What you are asked to do ::
Please transcribe the data below in full. Omit any picture you find in it.

Available data ::
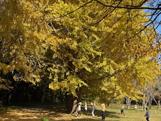 どんどん色ずくイチョウの木。
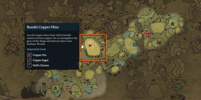 The Bandit Copper mine is a landmark in Farbane Woods, just southwest of the Forgotten Cemetery and southeast of the Bandit Armory.
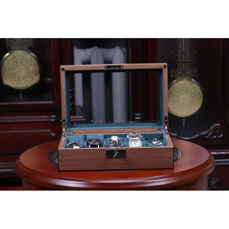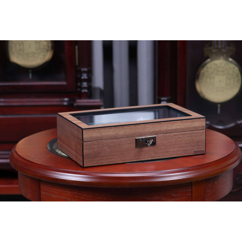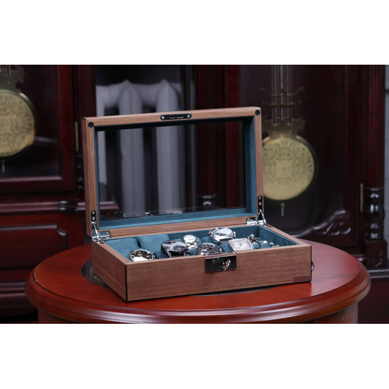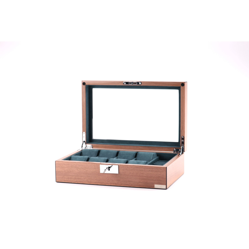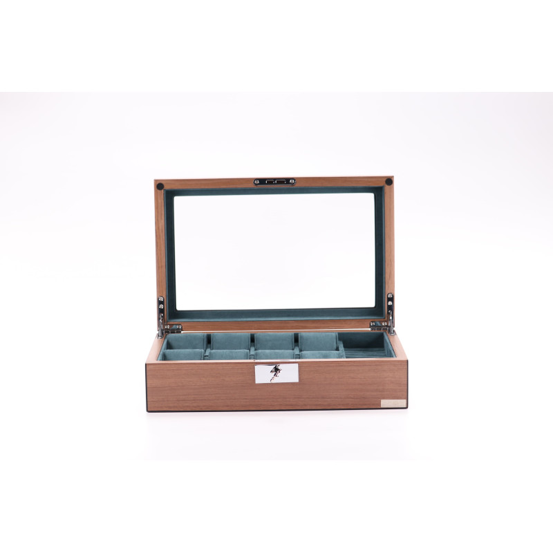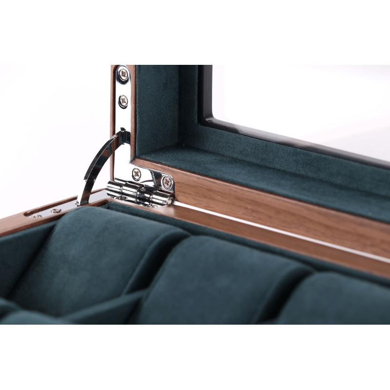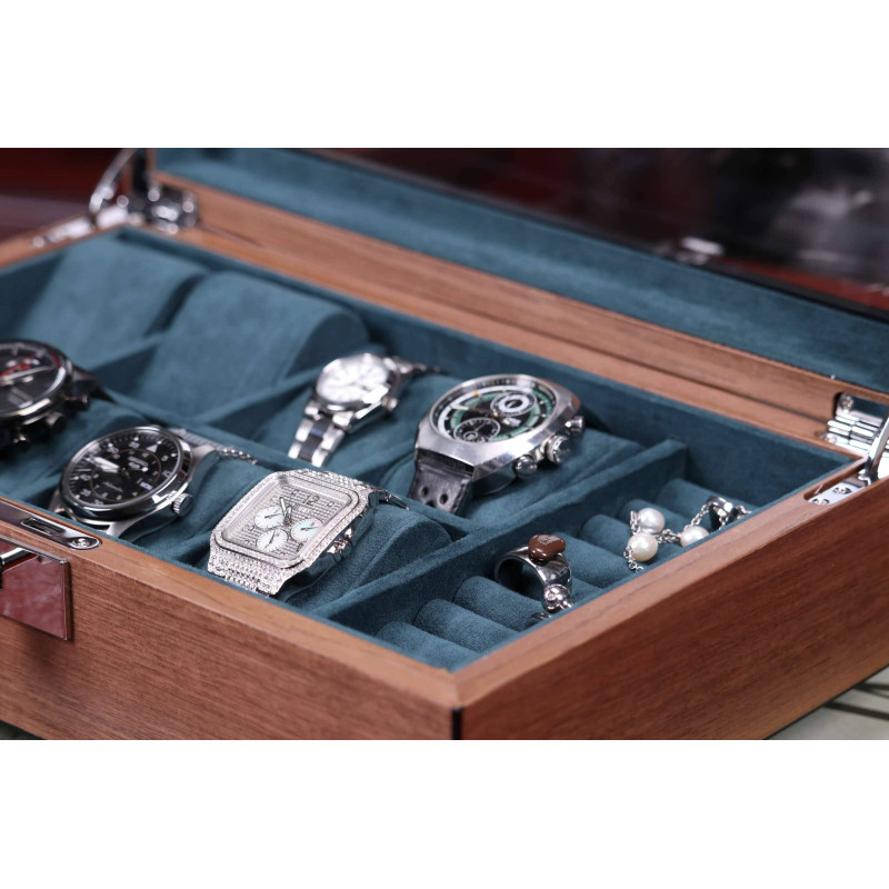 Кейс для часов вмещает до восьми предметов, позволяя организовать хранение украшений и аксессуаров наиболее удобным образом. Отсеки имеют бархатное покрытие темно-зеленого цвета, которое не только заботится о сохранности ценных предметов, но и придает шкатулке особый шарм.

Reply to the exercise ::
 どんどん色ずくイチョウの木。
 The Bandit Copper mine is a landmark in Farbane Woods, just southwest of the Forgotten Cemetery and southeast of the Bandit Armory.
 Кейс для часов вмещает до восьми предметов, позволяя организовать хранение украшений и аксессуаров наиболее удобным образом. Отсеки имеют бархатное покрытие темно-зеленого цвета, которое не только заботится о сохранности ценных предметов, но и придает шкатулке особый шарм.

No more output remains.